Шрифт:
Дверь на веранду была открыта. Внутри сумрак, сквозь ветви деревьев проникал свет, он причудливо изменялся, становился то приглушенным, то внезапно снова ярким. На веранде стоял деревянный стол и рядом с ним стул. На столе — свеча и чашка со следами высохшего чая. На подносе расположился чайник. Может быть, Генри Ружичка упал именно здесь; я думал, что, вероятно, он только-только проснулся и сидел ранним утром на веранде, наблюдая за тем, как начинает таять лед и земля обнажается из-под снега. Или возможно, окно было покрыто изморозью, и он не видел, что творится снаружи. Я прислушался. Дом был таким тихим, что я слышал шаги где-то внутри него, скрип открываемой кем-то двери, с кухни доносилось позвякивание кастрюль. Кружевные занавески на застекленной двери веранды колыхались от ветра. В сумраке окна я увидел фигуру, которая двигалась по комнате, это был я. Я зажег свет в прихожей и обнаружил на вешалке зонтик, кепку, несколько старых курток, а также пару сабо в углу, на них была нарисована бабочка.
В доме кроме кухни было четыре комнаты. На кухне, казалось, все осталось на прежних местах. У потемневшей от времени каменной стены стояла дровяная плита — такие я видел в детстве, но многие годы уже не встречал; и когда я внимательнее осмотрел помещение, то не обнаружил даже водопроводного крана, лишь металлическое ведро, наполовину наполненное водой. Рядом с кухней находилась спаленка, оклеенная голубоватыми сонными обоями. Дверь из спальни вела в библиотеку, все четыре стены которой, от пола до потолка, были заняты стеллажами с книгами, и даже единственное окно загораживала книжная полка. Источником света служила только медная люстра, свисавшая над столом в центре комнаты. Полки прогнулись под тяжестью сотен томов, и уже в дверях я почувствовал вековой запах старых книг, затхлый дух пожелтевшей бумаги. Я медленно прошел вдоль стеллажей, читая названия на корешках. В основном это были книги на немецком, но попадались и на английском, французском, испанском, а также на незнакомых мне языках. Некоторые из них выглядели очень старыми. На столе была целая груда раскрытых книг, их страницы начали потихоньку покрываться пылью, которая, казалось, дымкой растекалась по всему дому; и, когда я снял несколько томов с полки, где должно было находиться окно, луч света внезапно прорезал комнату.

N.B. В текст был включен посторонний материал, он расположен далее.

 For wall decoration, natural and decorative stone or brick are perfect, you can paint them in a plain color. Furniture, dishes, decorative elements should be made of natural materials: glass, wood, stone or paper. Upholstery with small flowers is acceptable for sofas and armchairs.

Если я правильно понял, почти вся библиотека была посвящена одному предмету: бабочкам. Слова Schmetterling, butterfly, papillon, mariposa, borboleta [1]повторялись в бесчисленных формах в названиях книг, и я не мог припомнить, чтобы когда-нибудь встречал столь полное собрание, посвященное одной теме. Я сел за стол и стер пыль с верхнего тома: Histoire naturelle des L'epidopt`eres d'Europe par H. Lucas avec 80 planches repr'esentant 400 sujets. [2]Книга вышла в Париже в 1864 году в издательстве, располагавшемся по адресу 24, rue Hautefeuille. [3]Второе издание. Пораженный, я рассматривал цветные таблицы, открывавшиеся под прозрачными листами папиросной бумаги. Краски не потускнели, они по-прежнему сохраняли яркость, махаоны из детства со своими острыми шпорами, адмиралы, траурницы с кремовыми ободками по краям крыльев. Я просмотрел восхитительную книгу Die Schmetterlinge Europas, [4]которую издал доктор медицины и философии Арнольд Шпулер в Штутгарте в 1910 году, читал бесконечный перечень ничего не говорящих мне латинских названий: Apatura iris, Limenitis p'opuli, Polyg'onia с-album, Van'essa antiopa, Sat'urnia pav'onia.Я перелистал книгу Альфреда Рассела Уоллеса Malayan Archipelago, [5]углы ее страниц завернулись, а поля были испещрены набегающими друг на друга чернильными пометками и комментариями, написанными невероятно мелким почерком; местами буквы поблекли настолько, что стали уже почти неразличимы.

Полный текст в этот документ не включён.